• Data below:
↓

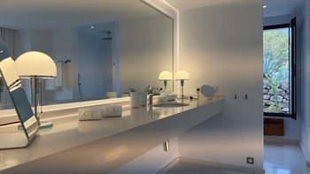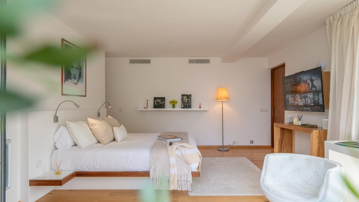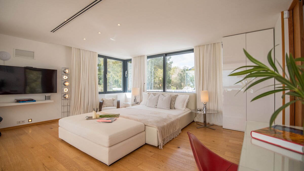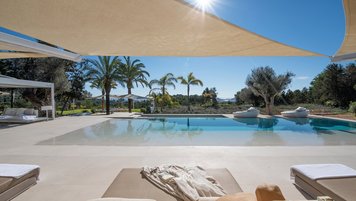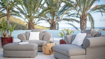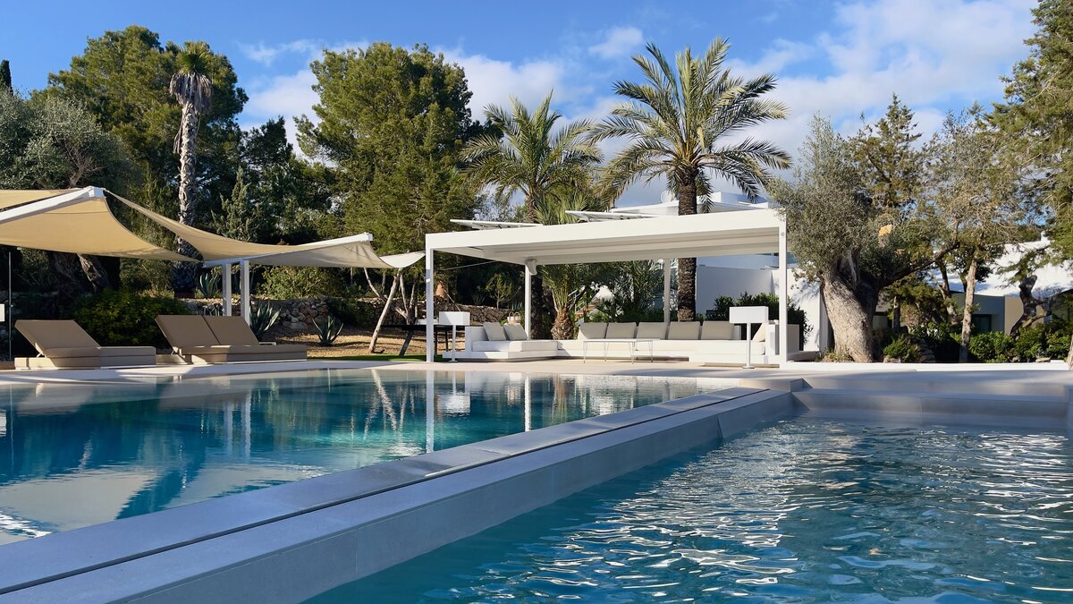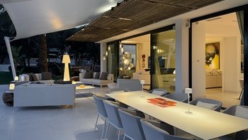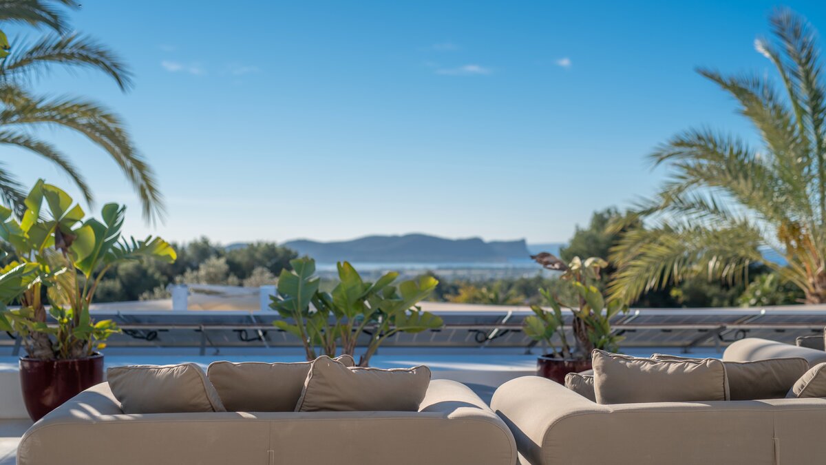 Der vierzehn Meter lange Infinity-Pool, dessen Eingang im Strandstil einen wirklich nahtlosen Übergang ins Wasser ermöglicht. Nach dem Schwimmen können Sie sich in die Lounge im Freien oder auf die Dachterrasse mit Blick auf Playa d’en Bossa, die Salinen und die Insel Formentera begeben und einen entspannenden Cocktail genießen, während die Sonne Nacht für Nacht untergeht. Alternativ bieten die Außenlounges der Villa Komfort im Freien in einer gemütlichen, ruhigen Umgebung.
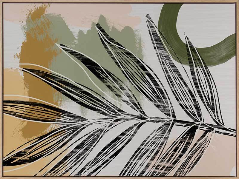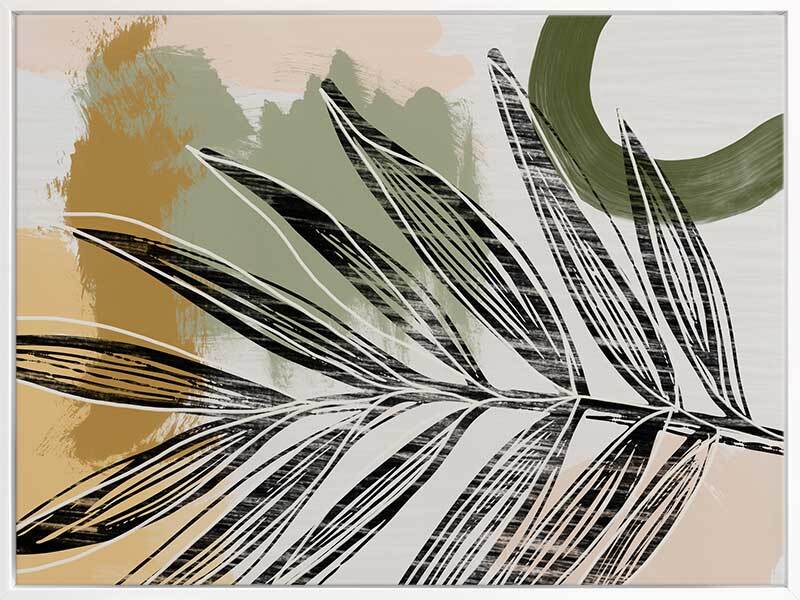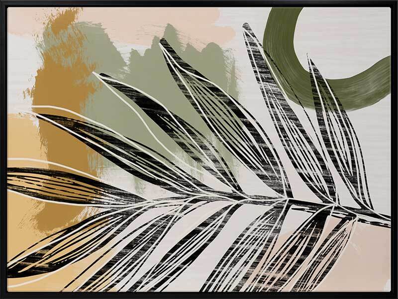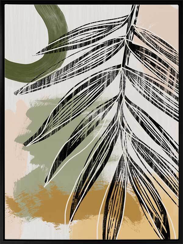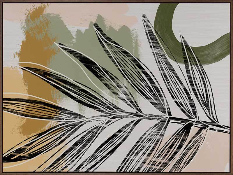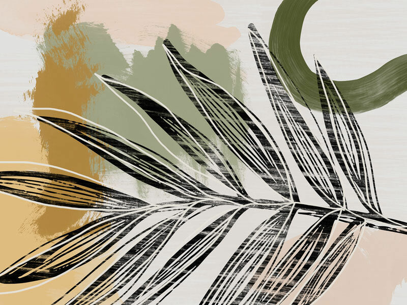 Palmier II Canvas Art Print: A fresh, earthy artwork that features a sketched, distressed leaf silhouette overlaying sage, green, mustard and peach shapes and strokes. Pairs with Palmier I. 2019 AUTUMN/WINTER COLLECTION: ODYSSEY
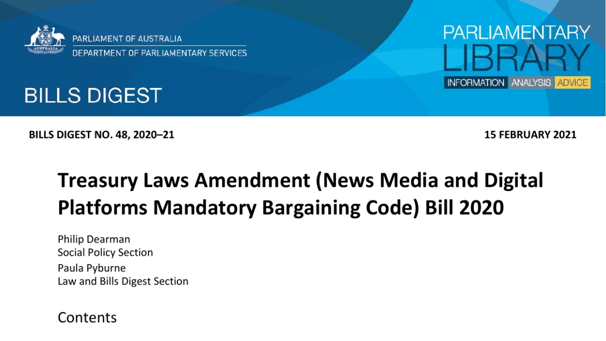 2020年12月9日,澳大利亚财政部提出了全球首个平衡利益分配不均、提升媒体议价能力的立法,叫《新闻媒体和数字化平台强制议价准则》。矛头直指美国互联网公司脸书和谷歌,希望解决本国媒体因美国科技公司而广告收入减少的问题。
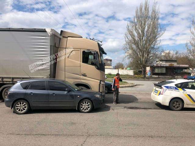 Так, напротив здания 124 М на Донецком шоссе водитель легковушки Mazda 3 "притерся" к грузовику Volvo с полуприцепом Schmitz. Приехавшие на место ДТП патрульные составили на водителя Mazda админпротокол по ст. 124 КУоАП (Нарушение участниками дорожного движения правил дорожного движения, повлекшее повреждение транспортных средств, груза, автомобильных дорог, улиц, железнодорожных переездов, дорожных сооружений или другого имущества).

↑

• Instructions for the task: A word-for-word copy of the data above is needed, one that omits the pictures.

• Your response:
 Der vierzehn Meter lange Infinity-Pool, dessen Eingang im Strandstil einen wirklich nahtlosen Übergang ins Wasser ermöglicht. Nach dem Schwimmen können Sie sich in die Lounge im Freien oder auf die Dachterrasse mit Blick auf Playa d’en Bossa, die Salinen und die Insel Formentera begeben und einen entspannenden Cocktail genießen, während die Sonne Nacht für Nacht untergeht. Alternativ bieten die Außenlounges der Villa Komfort im Freien in einer gemütlichen, ruhigen Umgebung.
 Palmier II Canvas Art Print: A fresh, earthy artwork that features a sketched, distressed leaf silhouette overlaying sage, green, mustard and peach shapes and strokes. Pairs with Palmier I. 2019 AUTUMN/WINTER COLLECTION: ODYSSEY
 2020年12月9日,澳大利亚财政部提出了全球首个平衡利益分配不均、提升媒体议价能力的立法,叫《新闻媒体和数字化平台强制议价准则》。矛头直指美国互联网公司脸书和谷歌,希望解决本国媒体因美国科技公司而广告收入减少的问题。
 Так, напротив здания 124 М на Донецком шоссе водитель легковушки Mazda 3 "притерся" к грузовику Volvo с полуприцепом Schmitz. Приехавшие на место ДТП патрульные составили на водителя Mazda админпротокол по ст. 124 КУоАП (Нарушение участниками дорожного движения правил дорожного движения, повлекшее повреждение транспортных средств, груза, автомобильных дорог, улиц, железнодорожных переездов, дорожных сооружений или другого имущества).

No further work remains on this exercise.